II. ЭКСПРОПРИИРОВАН!
А вот и Маурицио. Услышав долгожданный звонок, вскакиваю со стула и несусь открывать. Маурицио идет по коридору так уверенно, словно он частый гость в этом доме. На самом деле он здесь впервые; до сих пор мы работали на киностудии. Невысокий, ладно сложенный, в белом парусиновом костюме, черных ботинках и черных очках, с пепельно-медовыми волосами, подстриженными как у ренессансного пажа, он неторопливо, с некоторым налетом снисходительности вышагивает впереди меня, засунув руки в карманы. С чего вдруг эта презрительная мина? Кому она адресована? Ясное дело, мне, ведь я с самого начала распластался «внизу», после того как запыхавшимся голосом выпалил ему с порога: – Ты опоздал. Я ждал тебя к четырем, а сейчас уже пять.
Маурицио бросает небрежно: – Был занят. – И, походя, будто квартира сдается, а он, возможно, ее снимет, отворяет одну за другой двери и заглядывает в комнаты. – А у тебя совершенно пустая квартира, – замечает он. – Совсем никакой мебели.

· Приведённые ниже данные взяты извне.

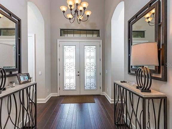 *Licensed Realtor Owned Home*** Overlooking the 6th fairway and located on the most desirable cul de sac in Lakewood Ranch's Esplanade Golf & Country Club, this 2015-built residence is a stunning reflection of Country Club living. Taylor Morrison's immensely popular Francesco floorplan offers 3 bedrooms with 3 en-suite baths, a Den, and a half bath, with open concept living spaces that make this home a dream for entertaining. From the moment you come through the double front door entryway, this stunning home opens up into an opulent great room which boasts 12 foot ceilings and unique tray ceiling designs fit for a million dollar home. Exquisite features include crown molding throughout the entire home, recessed lighting, beautiful engineered hardwood floors, stone wall, wet bar, 8' interior doors, beautiful light fixtures, and custom made window treatments. The show piece of this home is it's large state of the art kitchen featuring a massive island, 42 inch cabinets with glass uppers, under cabinet lighting, tile back splash, upgraded stainless steel appliances, 5 burner gas cook top, and three perfectly picked pendant lights to finish out the space. The spacious master suite has large bay windows that basks the rooms in natural sunlight and overlooks the beautiful pool area, his and hers custom closets, and a large master bath with garden tub and oversized shower complete with rain shower head.
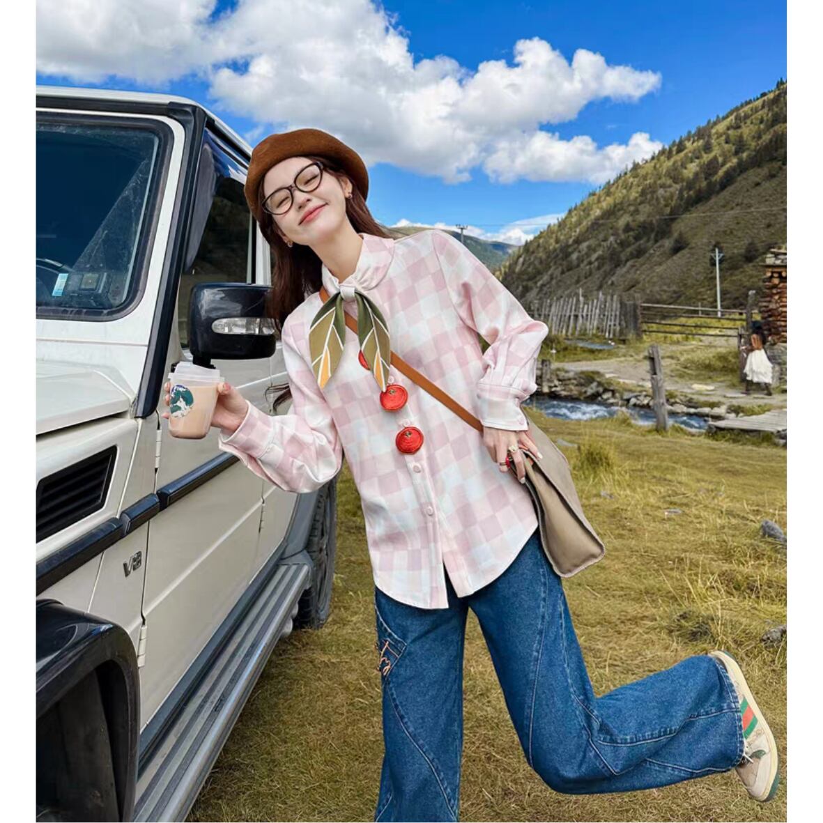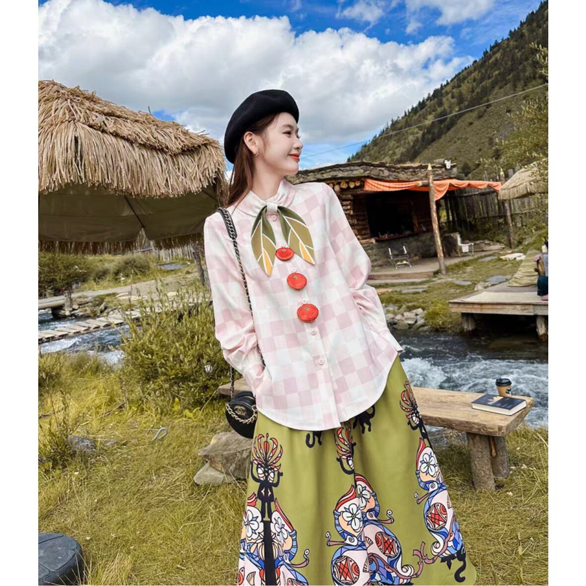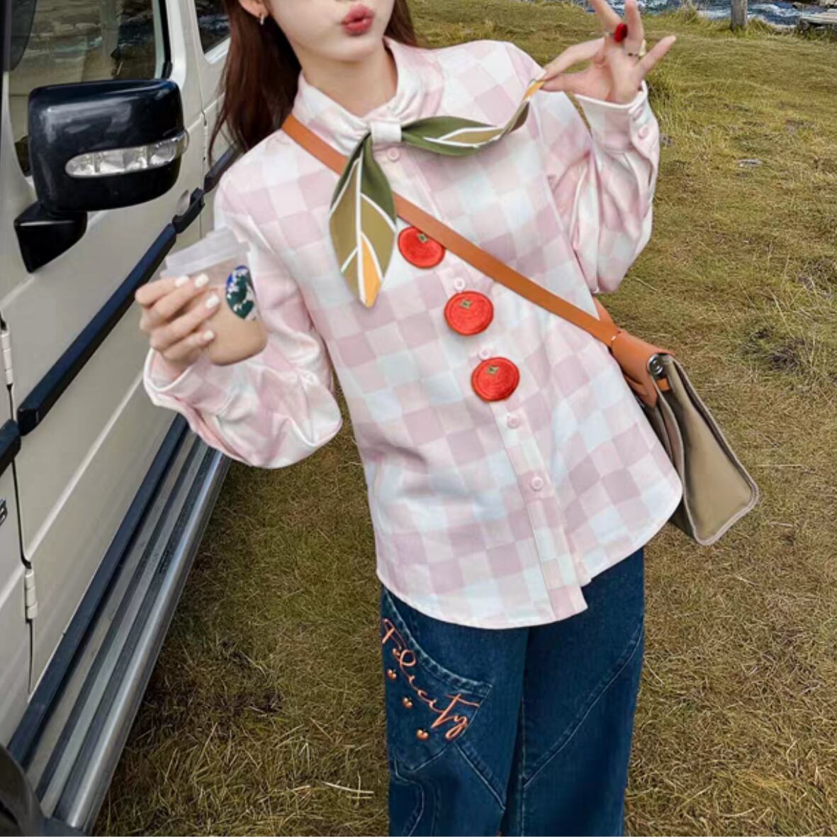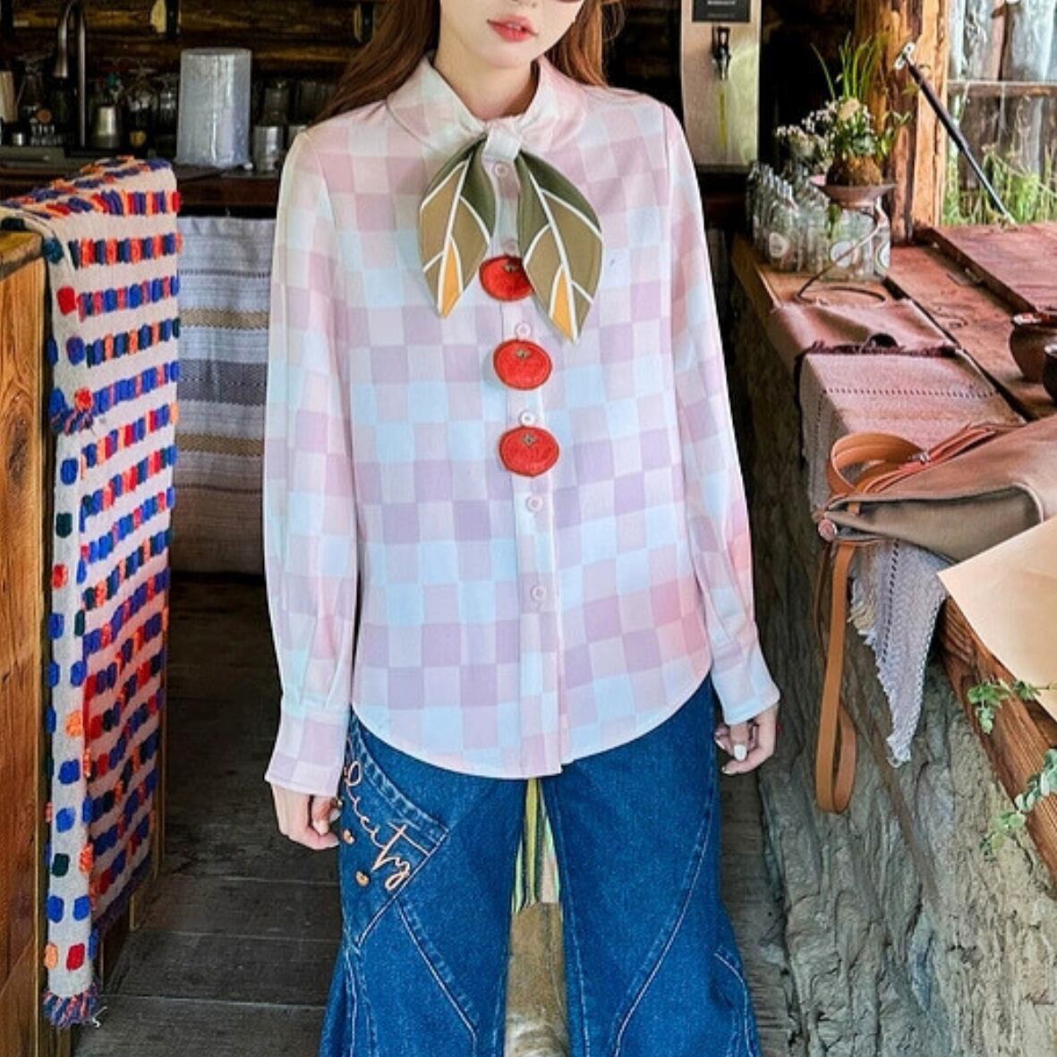 Boxピンクのジューシー赤果実シャツ(kai0983)
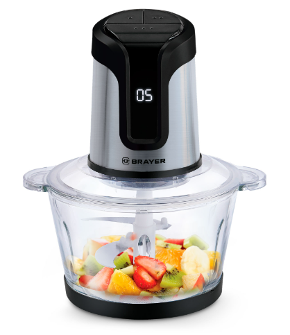 Минирезка BRAYER BR1407,800 Вт, LED дисплей, Стекл чаша 2 л, 4 лезвия из нержав. Стали
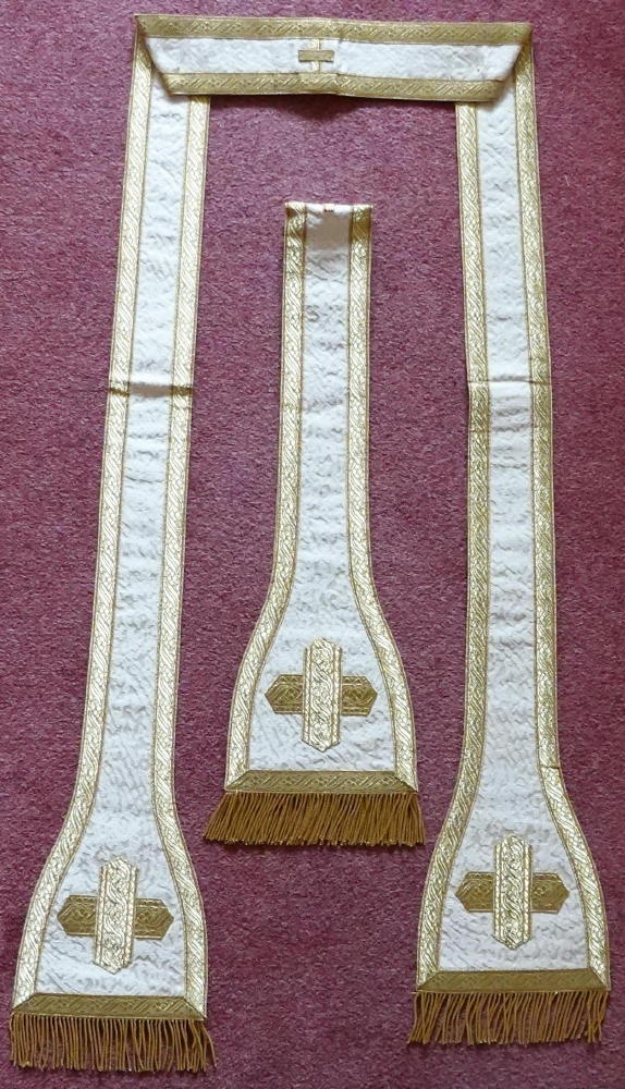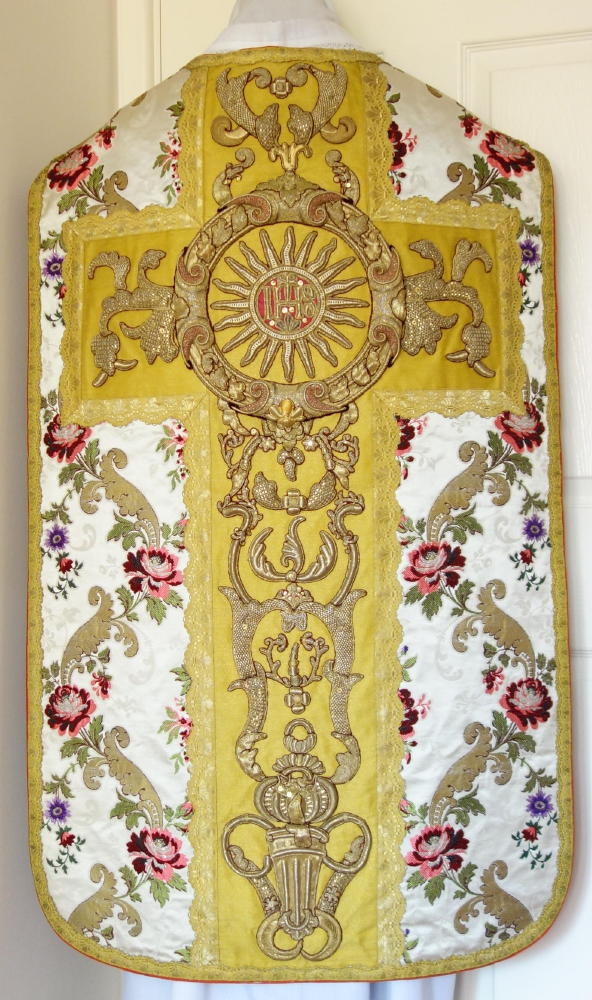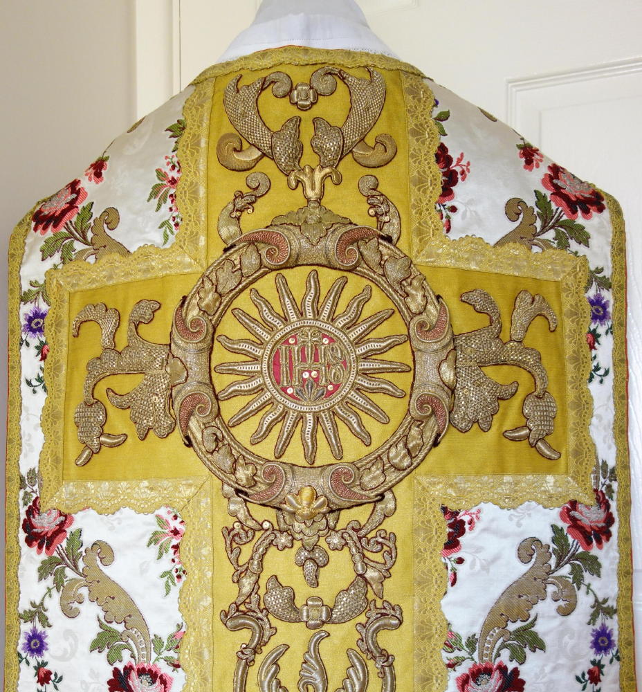 Orphreys on ribbed ivory silk worked in gold bullion embroidery throughout with central sunburst IHS to back.
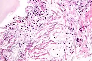 | H&E stain showing a fungal pneumonia (pulmonary aspergillosis) | |

Я рад этому замечанию: приятно, когда тобой интересуются или хотя бы проявляют любопытство к твоей жизни. Впрочем, тут же смекаю, что это лишний раз подтверждает мою неполноценность.
– Мебели нет и не будет.
– Почему? – Не хочу.
– Как это не хочешь? Стараюсь выглядеть капризным, нетерпеливым, раздраженным.
– Мебель, статуэтки, книги – все это напоминает мне институт собственности, к которому я испытываю врожденную неприязнь. И потом, они почему-то действуют мне на нервы. Я и дома-то их не выносил. Иной раз хотелось взять и вышвырнуть все в окошко. Так что пусть дом будет пустой.
– Как, а разве это не твой дом? – И мой, и не мой. Мой, потому что я здесь живу. А не мой, потому что у меня есть другой дом, настоящий, где живут жена и сын.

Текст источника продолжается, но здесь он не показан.